Dataset excerpts:

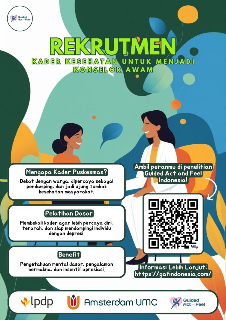 Kami dari Amsterdam University Medical Center sedang menjalankan sebuah proyek penelitian tentang kesehatan mental, khususnya untuk membantu orang yang mengalami depresi. Dalam proyek ini, kami ingin melibatkan rekan-rekan Kader Puskesmas sebagai konselor awam atau pendamping bagi klien yang membutuhkan dukungan saat proses pemulihan berlangsung.
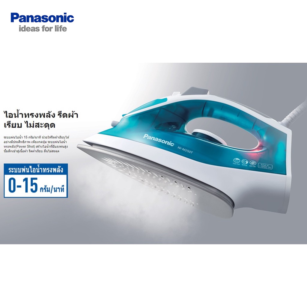 Panasonic เตารีดไอน้ำ กำลังไฟฟ้า 1,550 วัตต์ พร้อมแผ่นเคลือบผิว Titanium รุ่น NI-M250TGSF (สีเขียว)
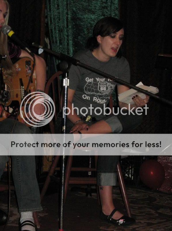 That I also got to see Eryn and Nick rehearse as A River Rise, the acoustic band that would be playing with me during my reading on Sunday. I was hugged by both of Eryn's parents when I entered their house (where Eryn and Nick rehearse) because they felt they knew me so well. They are both extremely sweet people. Eryn's mom insisted on making Nick a grilled cheese sandwich when he mentioned he was hungry. And Eryn's dad heard me practice my reading and expounded on how awesome my adjectives are. But by far the most impressive thing that day was seeing Eryn sing and play for the first time. I mean, I'd heard her fuck around before on my guitar, but we were drunk and she was doing covers. To hear her and Nick do a song they had written called "The Pretty Girls You Meet," I seriously almost cried because she amazed me so much. She's just that good. And the song kept getting stuck in my head so the last night I was there, I drunkenly made her and Nick play it for me so I could record it. Please note that Eryn was drunk while playing this and she still totally rocked it. Nick was the sober one that night (thank you for being the DD, Nick!). I wish I could have recorded the first time I heard it to capture that moment and share it with you, but this will do:
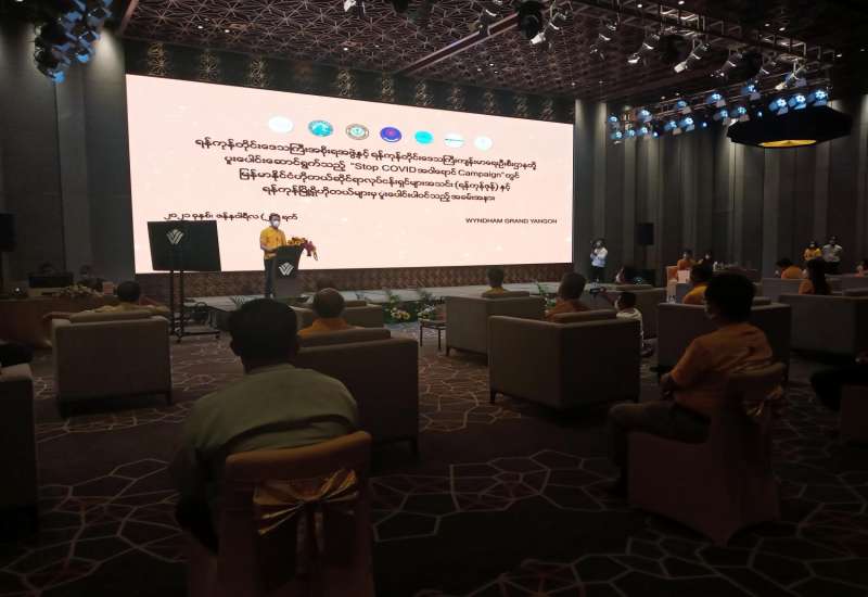 ရန်ကုန်အရှေ့ပိုင်းခရိုင်၊ မင်္ဂလာတောင်ညွန့်မြို့နယ်၊ WYNDHAM GRAND YANGON HOTEL တွင် ယနေ့ နံနက် ၈ နာရီက ကျင်းပပြုလုပ်ခဲ့သည့် ရန်ကုန်တိုင်းဒေသကြီးအစိုးရအဖွဲ့နှင့် ရန်ကုန်တိုင်း ဒေသကြီး ကျန်းမာရေးဦးစီးဌာနတို့ ပူးပေါင်းဆောင်ရွက်သည့် “Stop COVID အဝါရောင် Campaign” တွင် မြန်မာနိုင်ငံ ဟိုတယ်ဆိုင်ရာ လုပ်ငန်းရှင်များအသင်း (ရန်ကုန်ဇုန်) နှင့် ရန်ကုန်မြို့ရှိ ဟိုတယ်များမှ ပူးပေါင်းပါဝင်သည့် အခမ်းအနားသို့ ရန်ကုန်တိုင်းဒေသကြီး အစိုးရအဖွဲ့ ဝန်ကြီးချုပ် ဦးဖြိုးမင်းသိန်းနှင့် အစိုးရအဖွဲ့ဝင် ဝန်ကြီးများနှင့် ရန်ကုန်တိုင်းဒေသကြီး ပြည်သူ့ကျန်းမာရေးနှင့် ကုသ‌‌ရေးဦးစီးဌာနမှူး ဒုတိယညွှန်ကြားရေးမှူးချုပ်နှင့် အဖွဲ့ဝင်များ တက်ရောက်ခဲ့ကြောင်း သိရ သည်။
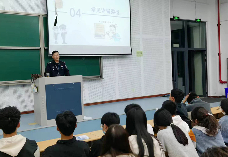 讲座邀请了辖区派出所民警为校区新生们介绍了当前电信诈骗特点,并结合校内真实案例,分析了当前电信网络诈骗被骗对象及其原因,列举了电信网络诈骗八种常见表现形式,并对每种诈骗形式都提出了破解之法。针对如何防范电信诈骗,倡导同学们要“三不一多”,做到不点击非法链接、不轻信他人话语、不透漏个人信息、多核实相关情况,遇到疑似诈骗事件要静一静、等一等、想一想、问一问,指导新生如何使用国家反诈中心APP。
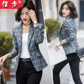 小西装外套女韩版春秋休闲时尚气质短款格子西服201...
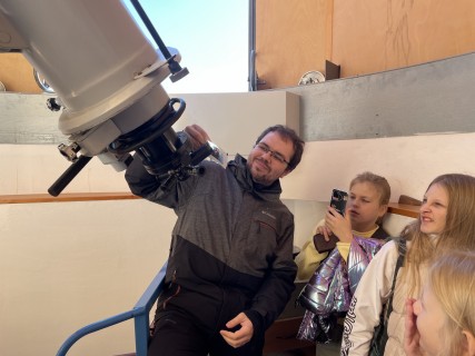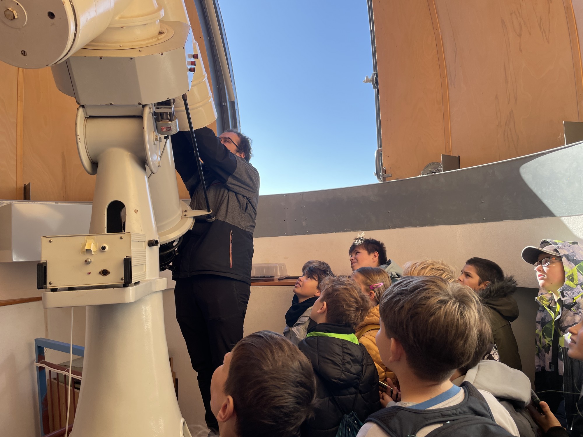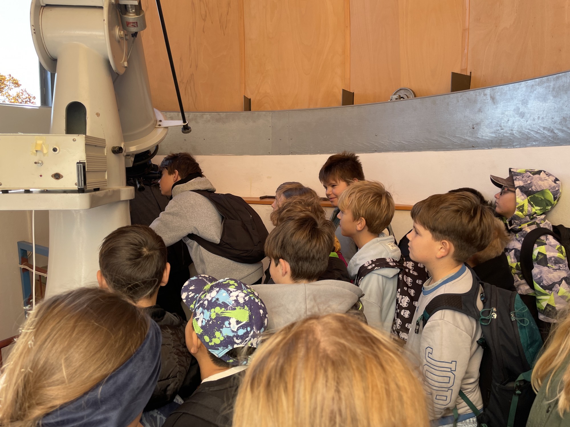 Závěrečnou část exkurze tvořila návštěva hvězdárny, kde měli žáci možnost prostřednictvím speciálního dalekohledu pozorovat Slunce a seznámit se s principy bezpečného pozorování hvězd.
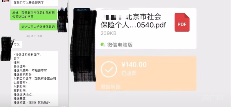 刘微说:“‘授课老师’向我们推了他们的‘合作方’,说可以伪造社保记录方便我找工作。”交了140元后,老师推荐的“合作方”向她发送了一份名为《北京市社会保险个人参保证明》的PDF文件,并称入职时向公司提交这份《证明》就可以,“一般来说都会通过,很多‘学员’都是通过这种方法入职的。”
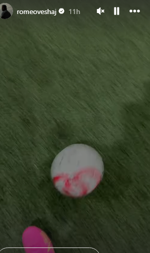Pas ndarjes, Romeo shfaqet në një palestër sporti në mbrëmje duke luajtur futboll.
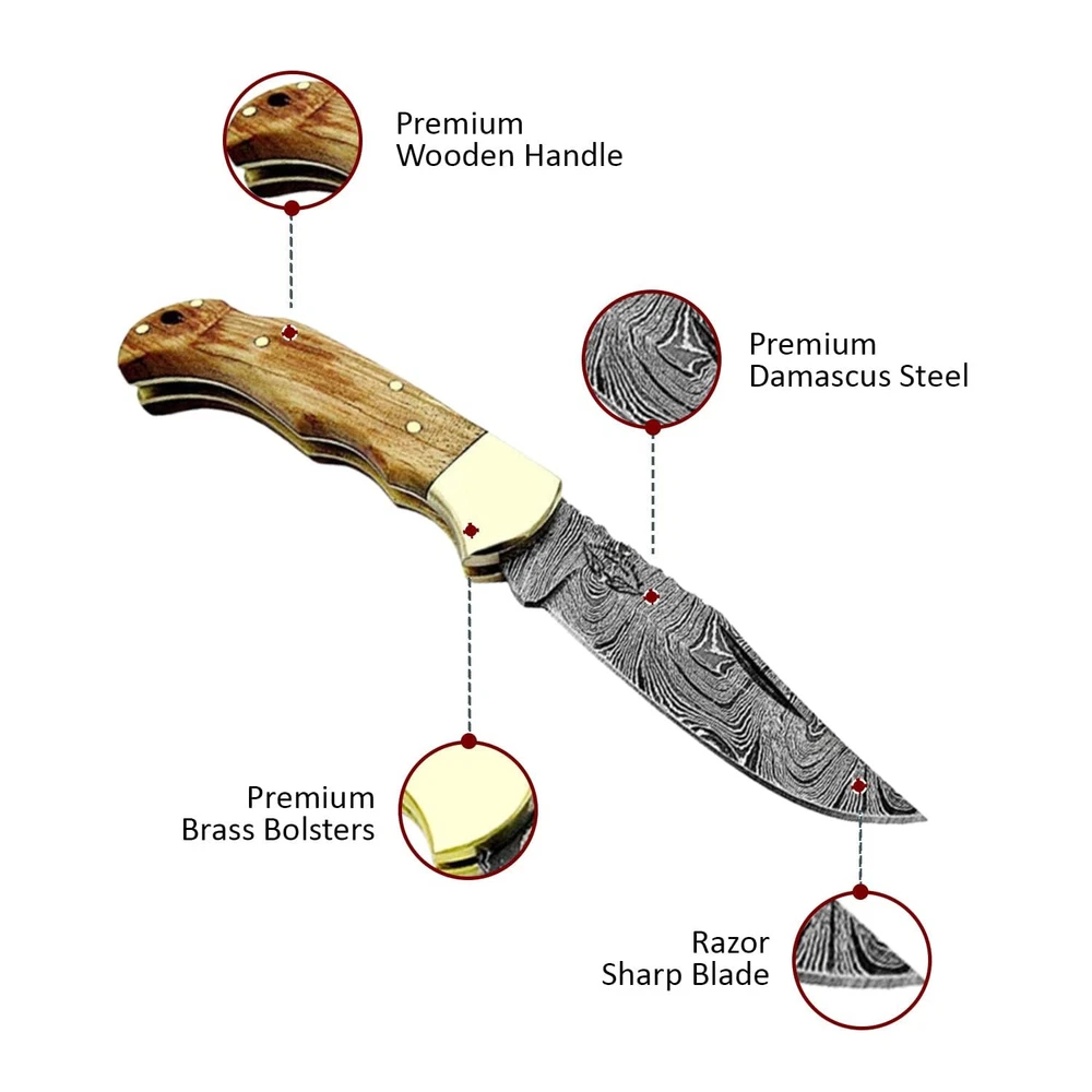 RAZOR SHARP CLIP POINT BLADE - BUFFALO HORN A PRECIOUS 100% HAND MADE DAMASCUS STEEL POCKET KNIFEReal Buffalo Horns unique piece of art made by ! Manufactured of 100% Real BUFFALO HORN, STAG or RAM HORN, CAMEL BONE or premium OLIVE WOOD, ROSE WOOD, BLUE WOOD, GREEN WOOD, MICARTA or MULTI WOOD, this exquisite Damascus steel makes a unique handmade folding pocket knife you will be proud of! CONVENIENT CARRY - AN EXCELLENT BEAUTIFUL BUFFALO HORN BEST QUALITY DAMASCUS STEEL YOU ENJOY WITH ALL YOUR SENSESFeast your eyes on the classy: Design of this elegant Custom handmade Damascus Steel Pocket Folding knife! Feel its sleek texture with your hand and enjoy its lightweight, compact shape in your pocket! Enrich your collection with a priceless Gift of art and enjoy the touch of style it offers! You always keep with you Good for Hunting, Fishing, Camping, Tactical, Survival, Hiking A BEAUTIFULLY HAND FORGED PIECE OF ARTWith a Damascus STEEL BLADE nicely hand forged with above (276) layers combining (1095) and (15N20) high carbon steel and Low Carbon steel with a durable nickel layer, our steel Blade has been given excellent heat treatment to get a (58to60) HRC, ensuring top functionality and guaranteed longevity.& You always keep with you Buffalo Horn Pocket Knife Good for Hunting, Fishing, Camping, Tactical, Survival, Hiking, and all Outdoors & Sports activities. THE 100% GENUINE BROWN COW LEATHER SHEATH:The pure leather sheath of this amazing Damascus steel Folding pocket knives is made of 100% prime quality thick cow skin to ensure excellent manufacture. The durable double stitching with the strong thick threads, in combination with the elegant, rust-resistant brass button make a high-standard leather knife sheath to host safely your precious Damascus steel.
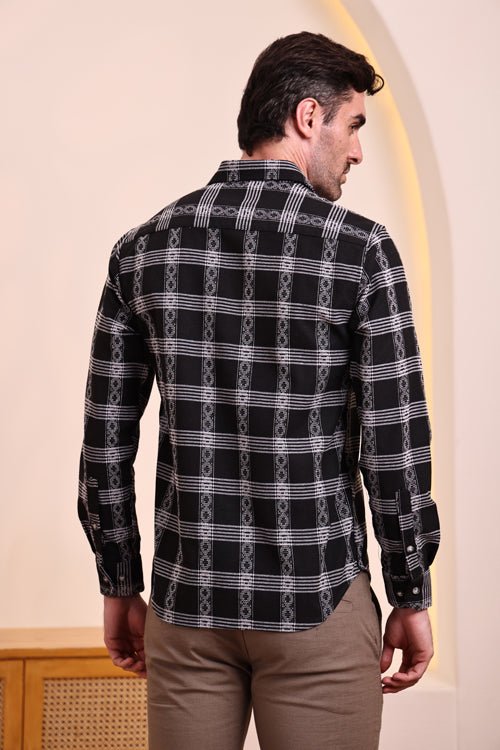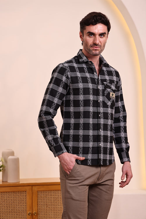 Upgrade your casual wardrobe with this stylish black checkered shirt. Designed with a smart check pattern and a comfortable fit, this shirt is perfect for both casual outings and semi-formal occasions. Made from soft, breathable fabric, it ensures all-day comfort while keeping your style on point.
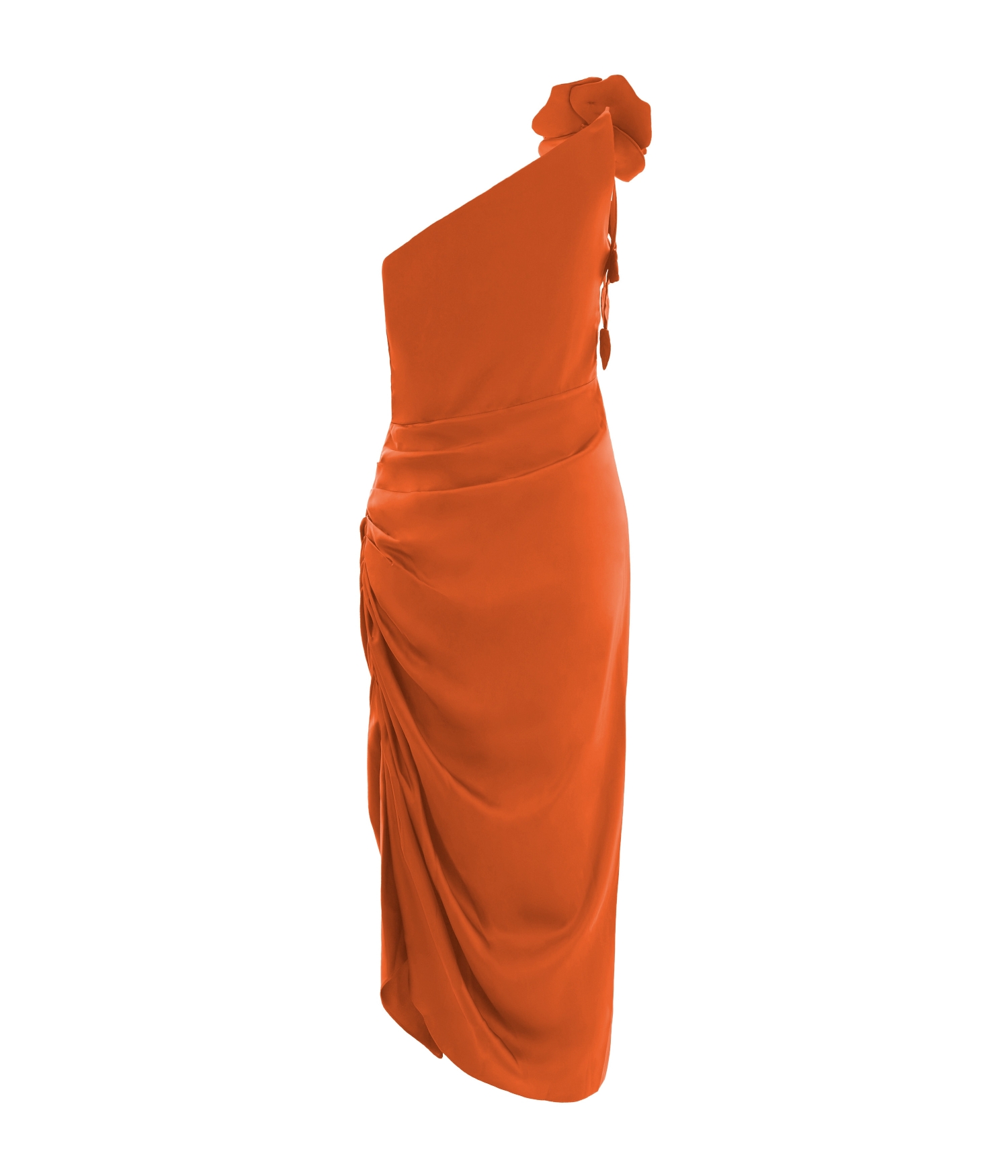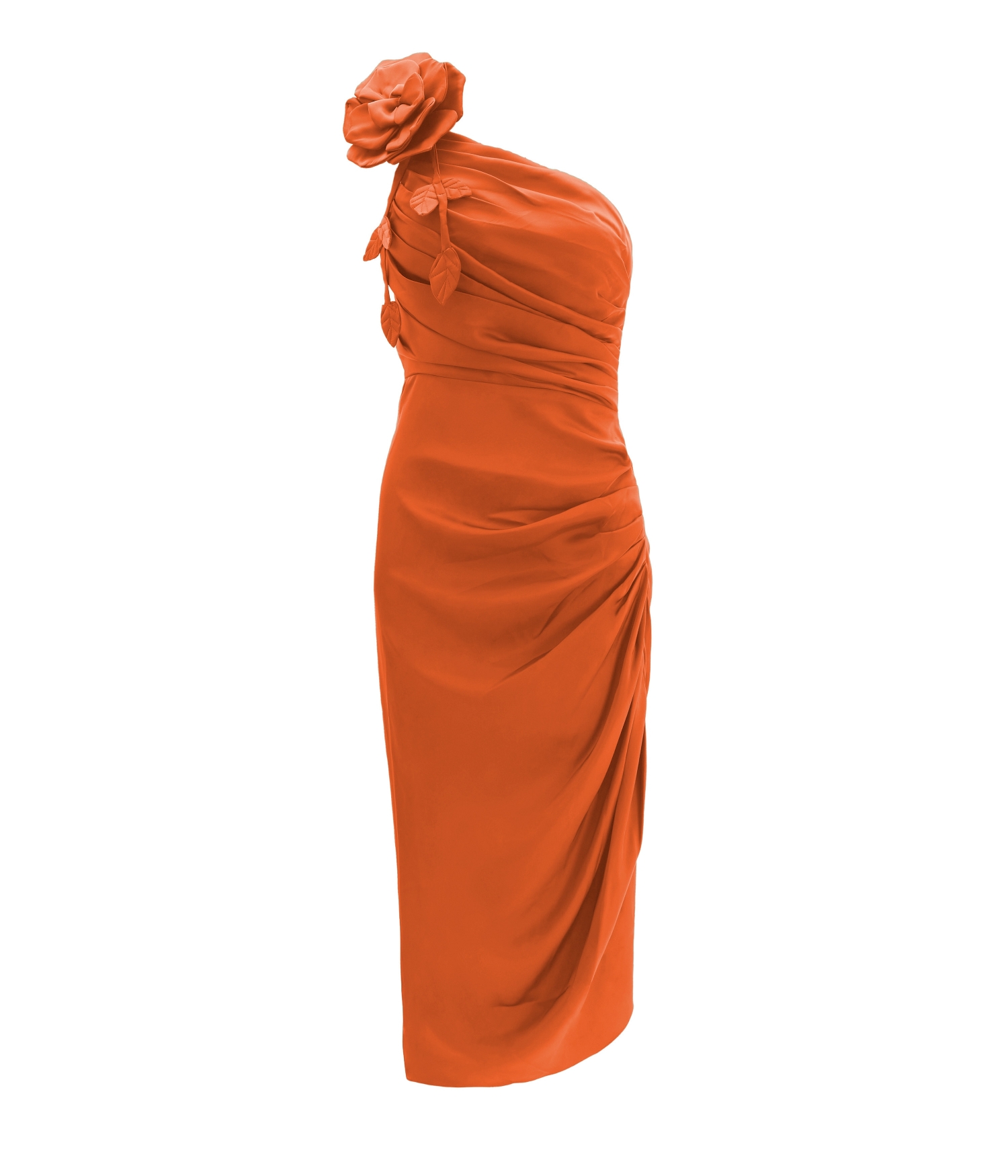 Vestido de festa mídi drapeado aplicação de flor

Problem:
Please leave out the pictures as you reproduce the lines exactly, from the first line of the entries through the line containing "That I also".

Result of the exercise:
 Kami dari Amsterdam University Medical Center sedang menjalankan sebuah proyek penelitian tentang kesehatan mental, khususnya untuk membantu orang yang mengalami depresi. Dalam proyek ini, kami ingin melibatkan rekan-rekan Kader Puskesmas sebagai konselor awam atau pendamping bagi klien yang membutuhkan dukungan saat proses pemulihan berlangsung.
 Panasonic เตารีดไอน้ำ กำลังไฟฟ้า 1,550 วัตต์ พร้อมแผ่นเคลือบผิว Titanium รุ่น NI-M250TGSF (สีเขียว)
 That I also got to see Eryn and Nick rehearse as A River Rise, the acoustic band that would be playing with me during my reading on Sunday. I was hugged by both of Eryn's parents when I entered their house (where Eryn and Nick rehearse) because they felt they knew me so well. They are both extremely sweet people. Eryn's mom insisted on making Nick a grilled cheese sandwich when he mentioned he was hungry. And Eryn's dad heard me practice my reading and expounded on how awesome my adjectives are. But by far the most impressive thing that day was seeing Eryn sing and play for the first time. I mean, I'd heard her fuck around before on my guitar, but we were drunk and she was doing covers. To hear her and Nick do a song they had written called "The Pretty Girls You Meet," I seriously almost cried because she amazed me so much. She's just that good. And the song kept getting stuck in my head so the last night I was there, I drunkenly made her and Nick play it for me so I could record it. Please note that Eryn was drunk while playing this and she still totally rocked it. Nick was the sober one that night (thank you for being the DD, Nick!). I wish I could have recorded the first time I heard it to capture that moment and share it with you, but this will do:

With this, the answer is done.